TASK ITEM:
The response should consist of the data below, copied exactly, with no pictures in it.

SUPPLIED DATA:
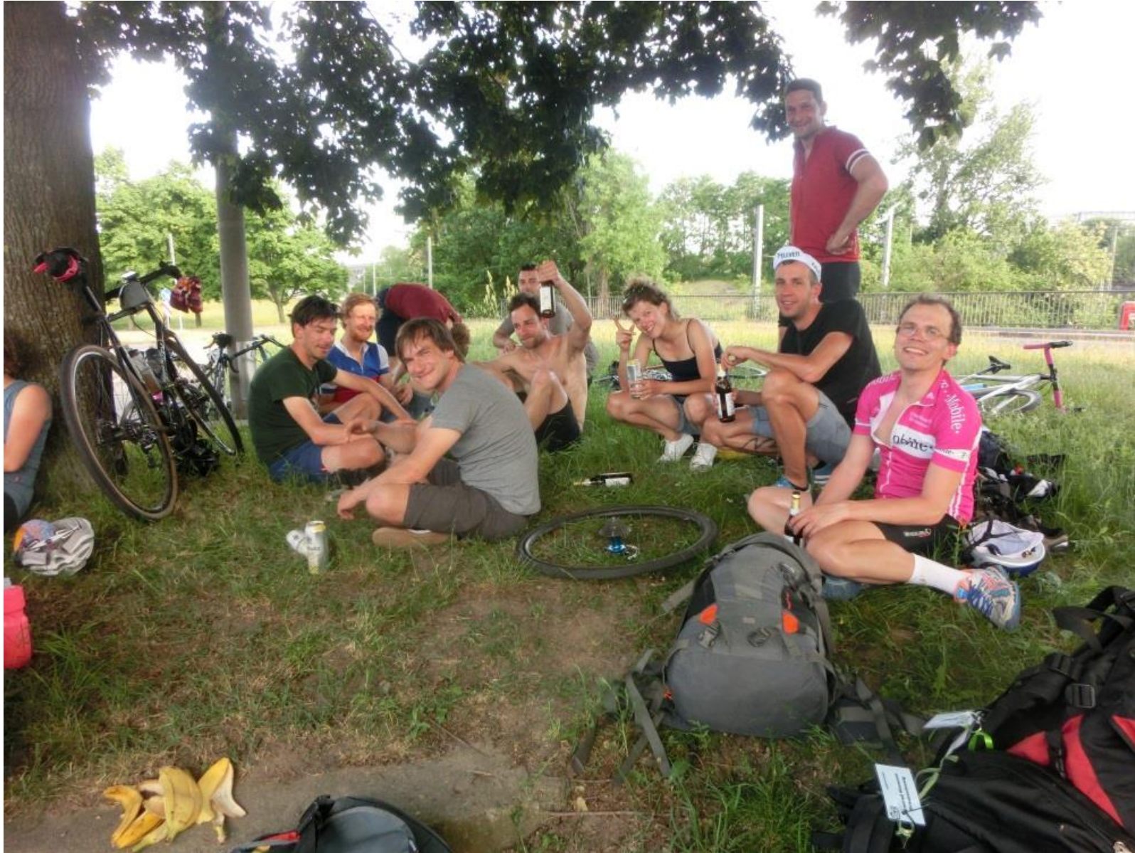
Abschied am Dresdner Hbf., 28. Mai 2017
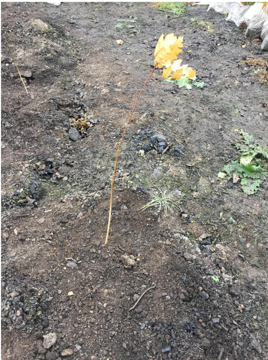
Příloha č. 7: Zasazení sazenice do jamky s biouhlem.
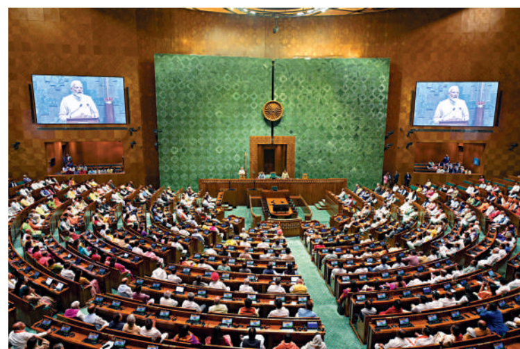
▲莫迪在演講中表示要徹底拋棄殖民心態。

莫迪出任印度總理以來，致力於改變該國帶有英國殖民主義色彩的標誌，營建新議會大樓就是一個例子。這棟新議會大樓斥資1.45億美元（約11.3億港元），毗鄰由英國建築師設計、於英國殖民時期興建的原議會大樓。為紀念新議會大樓啟用，印度將發行面值75盧比的特別硬幣。

WRITTEN RESPONSE:
Abschied am Dresdner Hbf., 28. Mai 2017
Příloha č. 7: Zasazení sazenice do jamky s biouhlem.
▲莫迪在演講中表示要徹底拋棄殖民心態。

莫迪出任印度總理以來，致力於改變該國帶有英國殖民主義色彩的標誌，營建新議會大樓就是一個例子。這棟新議會大樓斥資1.45億美元（約11.3億港元），毗鄰由英國建築師設計、於英國殖民時期興建的原議會大樓。為紀念新議會大樓啟用，印度將發行面值75盧比的特別硬幣。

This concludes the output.